I didn’t appreciate this assessment of Mother’s character but there was a grain of truth in it. “I’ll take Goodyear over to the Curl ’n Twirl. I’m sure that’s where she is. Mind if I take him without a leash? Haven’t got one.”
“Yeah, okay,” he grumbled. “Nickel, someday those Hunsenmeir girls are going to push me over the line.”
I nodded sympathetically and Goodyear followed me to the Curl ’n Twirl.
Georgette smiled as we zipped through the door.
“Hi, George.” Mom was in the chair with a conditioning cap on. “Hi, Mom. Hi, Mr. Pierre. Bucky Nordness is ass over tit about Goodyear being in the Square without his leash.”
“From the waist down, Bucky Nordness resembles an umbrella.” Mr. Pierre was sly.
“Ha!” Mother put down the magazine she was avidly reading.
“Be that as it may”—and it was an apt description—“you can’t let Goodyear run as he pleases. What if Wheezie were coming around the Square in her Chrysler?”
“The vehicle of doom,” Mr. Pierre intoned.
“You’re right.” Mother held up the magazine for me to see. “I’m going to redo my living room just like this.”

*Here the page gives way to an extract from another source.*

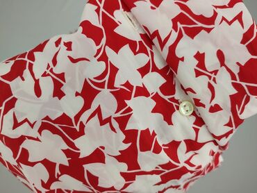 Bluzka damska z długim rękawem, ozdobiona wzorem w kwiaty w odcieniach czerwieni, błękitu i szarości na białym tle. Bluzka posiada klasyczny kołnierzyk i guziki na całej długości. Wykonana jest w 1...Stan:

This was one of those house magazines where the decoration job in every room cost about $150,000.
“Mother, the coffee table is made of marble. You can build an addition on your house for what it would cost.”
“Mr. Pierre and I have it all figured out. We’ll do a fake marble—”
“
Faux
, my precious,” Mr. Pierre interjected.
“And you can help me paint. I want pale apricot.”
The trapdoor in the pit of my stomach opened up. Not only would I paint, I’d spackle, put up drywall, sand, plane, and break every fingernail I had. Mother’s improvement schemes came out of my hide. By now I was experienced enough to start my own construction company and hated it. There are women out there who want to be electricians, plumbers, carpenters. Not Miss Smith. That butch crap just tears my ass with boredom. The fact that I never liked to get my hands dirty with anything but ink didn’t stop Mother from pressing me into service with bribes, guilt, or outright threats to my physical well-being. I was heartily sorry that she and Dad hadn’t adopted more children so I could spread this burden among my siblings. And when she was done with me, Louise would start up.
I left the hair salon with a heavy tread, remembered I hadn’t told Mom when I’d pick her up tonight, and whirled back through the door.
“Mother, we go an hour early to bingo tonight.”
The mouth that wouldn’t die was strangely closed. Mr. Pierre busied himself cleaning his spotless counter.
“Mother?” I spied the small glass ashtray in her lap. That old
trick. I came up behind her and smacked her between the shoulder blades. Billows of smoke poured out of her mouth.
“You little shit!” She coughed.
“If I’m a shit, you’re a liar.”
“
Tumulte.
” Mr. Pierre threw up his hands. That meant bedlam in French but I never knew if he was pronouncing the stuff correctly. I thought of French as the venereal disease of the tongue.
“Call your own mother a liar.”
“You promised to give up smoking.”
“The spirit is willing but the flesh is weak.”
“Not your flesh.” I relented. “If you smoke, you smoke. I just don’t like you being a sneak about it. And what are you doing in here so early anyway?”